Sadly, Stephanie spent much of her vacation in resting mode. "I'm good for about an hour and a half in the morning and then maybe three in the afternoon," she explained. It's her low energy levels that bothered her the most. "The kids get home from school and want to tell me about their day and go and do things. But at that point, I'm already exhausted." 

Self-appearance is somewhat of a struggle during travel. Like many cancer patients, Stephanie has been through intense rounds of chemotherapy and radiation. The former cheerleader said goodbye to long, chestnut hair and thick eyelashes that never needed mascara. She said hello to double mastectomy scars and unwanted weight – courtesy of tumors that cause bloating. She hates how she has put on pounds since her diagnosis, but it's not uncommon. Nearly two-thirds of women with breast cancer report gaining 20 pounds after being diagnosed

Stephanie Lee

Mobility is another problem. While Stephanie and her family enjoyed complimentary tickets to the San Diego Zoo, they didn't get a wheelchair for their visit. Still, she said they had a blast despite not being able to see it all before her body gave out.

"Greysyn's favorite animals were the lions and Addy loved the snakes and alligators," she said, adding it was "amazing" to be there for so many family firsts. (It was also the kids' first time visiting a zoo.)

When I asked what her favorite part of their trip was, her answer caught me off guard: "The best part was watching everyone smile." 

'I wanted to make memories with my kids and partner'

Even as a patient herself, Stephanie puts others first. For example, most of the Facebook photos from her most recent trip – to New York City – are of her mom, the Thelma to her Louise.

She said she didn't see any Broadway shows. "Everything was still closed because of COVID. We went to get a wig."

The highlight of her first, and probably only trip to the Big Apple, was purchasing a $3,000 human hair wig. "I'm used to synthetic wigs I have to replace every three months," she explained. "My new one will last five years." 

Stephanie Lee with her mother in New York City.

Sadly, Stephanie's prognosis doesn't hint at her having five more years. "We needed some family time together, and I wanted to make memories with my kids and partner."

So what's next for Stephanie and her family?

"I'm waiting until January when they'll do a brain scan that will determine what we'll do," she explained. "But with my cancer being triple negative and in my brain, there's not really much more they can do besides the radiation they've already tried." 

Thinking out loud, I ask if she cried at all on her vacation.

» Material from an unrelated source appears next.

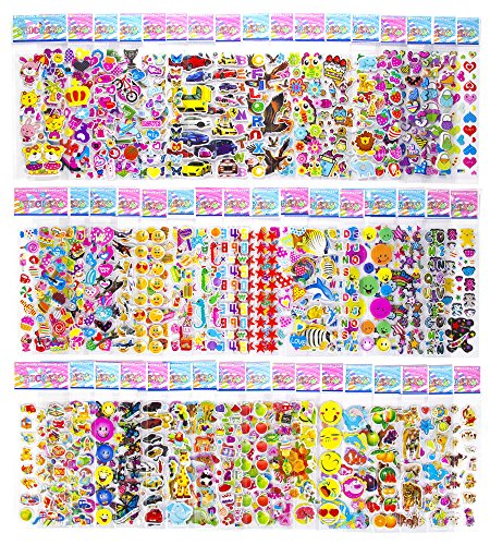 Pack of 50 Different Sheets MCY Toddlers and Kids Puffy Stickers for Children (Girls and Boys),1100+ Puffy Stickers Mega Variety Pack
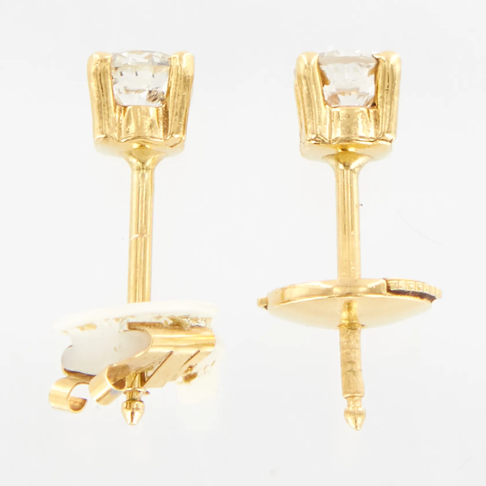 Ett par örhängen med diamanter, 2x ca 0,23 H/I SI2, en stopp i metall/plast, 18K Vikt: 1,1 g.

"Oh God," she laughed, reassuring me that she wasn't bothered by the question. "I started crying once we got to San Diego and I've been crying since we've left." 

It's been years since I've seen her in person. However, I think I know Stephanie – always the cheerleader and glass-half-full kind of girl – well enough to know one thing: While there were lots of lasts on her trip, her tears were mostly tears of firsts.